Sam Rainsy plans to return to Cambodia in early October and has called on the
government to be responsible for any violent demonstrations that may occur
against him.
The opposition leader was responding to reports that two
student organizations have filed permits to protest his return.
"I am
not worried about any incident that might occur on my return, but I have to be
cautious," Rainsy said by phone from Paris.
"If there is a demonstration
and incitement of violence against me, the government must be responsible
because the government will know who they are," he said.
Heng Samrin,
honorary vice president of the Cambodian People's Party, said the CPP and
coalition partner Funcinpec welcome the return of opposition leader.
"Whether he [Rainsy] comes back or stays [in exiled] depends on him and
he still has the right to attend meetings of the National Assembly, but when the
court needs him he must go," Samrin said.
Rainsy has been in self-imposed
exile since February 3, when the National Assembly voted to strip him and two
other opposition MPs of their parliamentary immunity. One of those MPs, Cheam
Channy, was sentenced to seven years jail for organizing a rebel army in a case
that was widely condemned by human rights observers.
Spokesman of the
Sam Rainsy Party (SRP), Ung Bun-Ang, said there was concern that Rainsy might
also be linked to the rebel army charges.

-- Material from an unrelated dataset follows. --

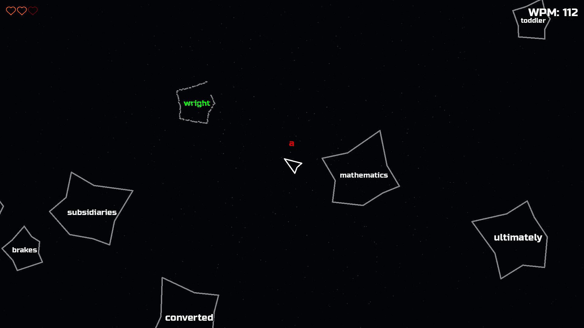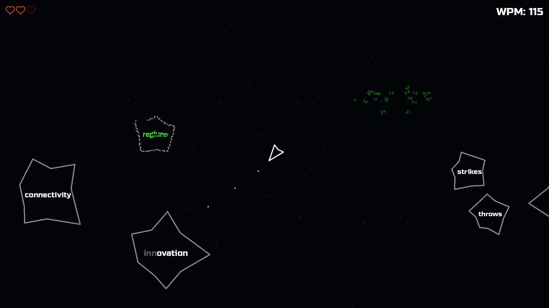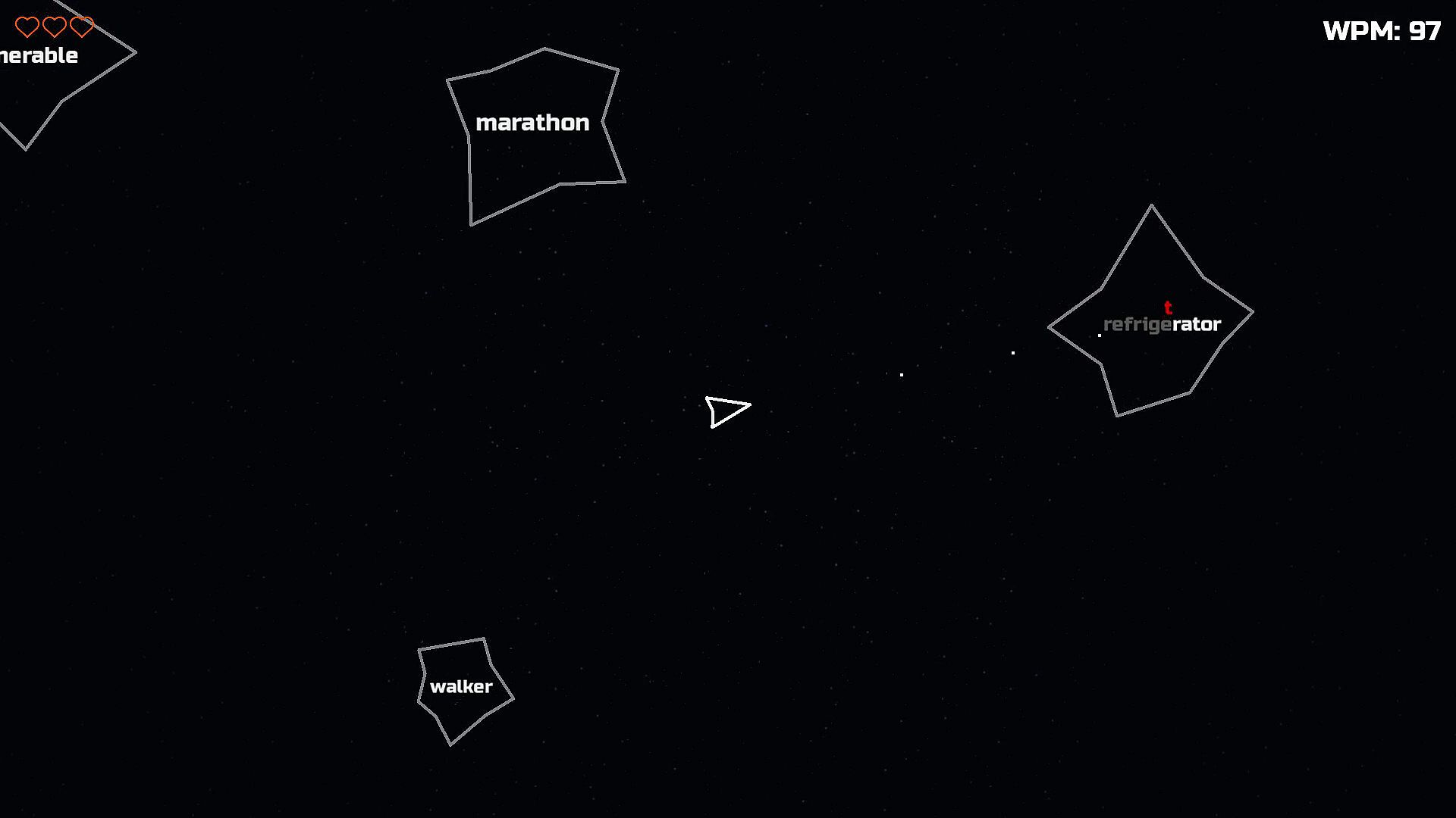 Typeoids is a fast arcade-style typing game inspired by the classic Asteroids.
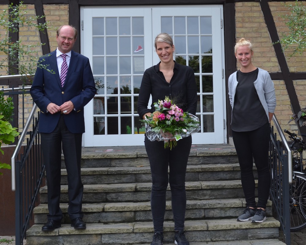 Einen Blumenstrauß überreichte Landrat Dr. Olaf Gericke der Beelenerin Tina Behnke zum Dank für ihr couragiertes Handeln. Sie hatte einem Mann aus Afghanistan nach einem medizinischen Notfall vor ihrem Café geholfen und war danach in einem anonymen, rassistisch motivierten Brief kritisiert worden. „Ausländerfeindlichkeit darf keinen Platz in unserer Gesellschaft haben. Es ist schön zu wissen, dass bei uns im Kreis Menschen wie Frau Behnke leben, die entschlossen für Andere einstehen“, sagte Landrat Dr. Olaf Gericke. „Der Kreis Warendorf kann stolz auf solch couragierte Bürgerinnen und Bürger sein.“

"There is some risk associated
with his returning to Cambodia," Bun-Ang said. "The ruling party will try
whatever they can to put pressure on the opposition."
On September 19,
Seng Phally, president of the Cambodian Higher Education Association (CHEA),
wrote to the Phnom Penh municipality seeking permission to protest Rainsy when
he returns.
"Rainsy organized a demonstration in front of the UN; he
destroyed the honor of the government and caused a loss of [international] aid
that would effect Cambodian people as a whole," Phally said.
A day
later, University of Law and Economic Sciences professor Yok Ngoy released an
anti-Rainsy statement and said his group planned to hold a peaceful
demonstration against the opposition leader on his return.
The statement
signed by Ngoy said that Sam Rainsy was a criminal, against peace and was behind
the recruitment of an illegal army, the Committee 14 shadow ministry.
The protest threats increase the pressure against Rainsy, adding to two
defamation suits filed against him and one against his wife.
Hun Sen is
suing Rainsy for defamation for linking the prime minister to the 1997 grenade
attack on a peaceful demonstration led by Rainsy.
Funcinpec President
Prince Norodom Ranariddh is suing the opposition leader for accusing the prince
of accepting $30 million from Hun Sen in exchange for agreeing to form a
coalition government with the CPP.
More recently, the chief of Hun Sen's
bodyguard unit, Hing Bun Heang, also lodged a complaint against Rainsy's wife,
Tioulong Saumura, and party secretary-general Eng Chhay Eang, alleging
defamation for connecting him to the 1997 grenade attack.
Hun Sen warned
August 15 that the issue of the shadow army will not finish with Channy, which
some members of the opposition considered a threat to Rainsy.
However,
military investigation judge Pork Pan said September 20 that since Channy's
imprisonment police have not started any new investigations into others
connected to the allegations of a shadow army.
Keo Remy, an opposition
parliamentarian, said the defamation lawsuits and the allegations of the shadow
army were attempts by the ruling coalition to take political revenge against the
SRP for trying to address the issue of corruption in the government.
"I
think that my president would be arrested when he is in Cambodia, because the
legal process will be done in a minute when the ruling parties are not happy,"
Remy said. "I think that before Rainsy decides to come back, he must make his
safety a priority."
It is unclear what will happen to the opposition
party if Rainsy does not return soon.
On the optimistic end of the
spectrum, Bun-Ang said that the party has functioned for seven months without
Rainsy, and there is no need for him to be in the country all the time.
But Khem Veasna, a former opposition parliamentarian who was ousted by
the party in July, told the Post that the SRP has been ruined by the nepotistic
allocation of positions.
"I tried to push for reform and encouraged them
to manage human resources at all levels of the party's mechanism, instead of
promoting relatives," Veasna said.
He predicted that SRP would not
increase the number of seats it controls in the National Assembly at the next
national election in 2008.
Khem's claims were met with laughter by
Bun-Ang, who said the party had few high-ranking positions to offer and Veasna's
comments were the result of factional battles within the SRP.
"Like any
organization there are always factions. But the issue is how we manage those
factions, and I think that the SRP has been doing well in term of managing the
factions within the party."
The major factional rift within the SRP is
seen to pit Sam Rainsy and his supporters against Eng Chhay Eang and his
followers.
Chea Poch, one of the SRP members stripped of parliamentary
immunity, dismissed the criticisms.
"I don't care whatever the other
people say - working harder with the villagers in the constituency will prove
whether the party is strong or weak," Poch said.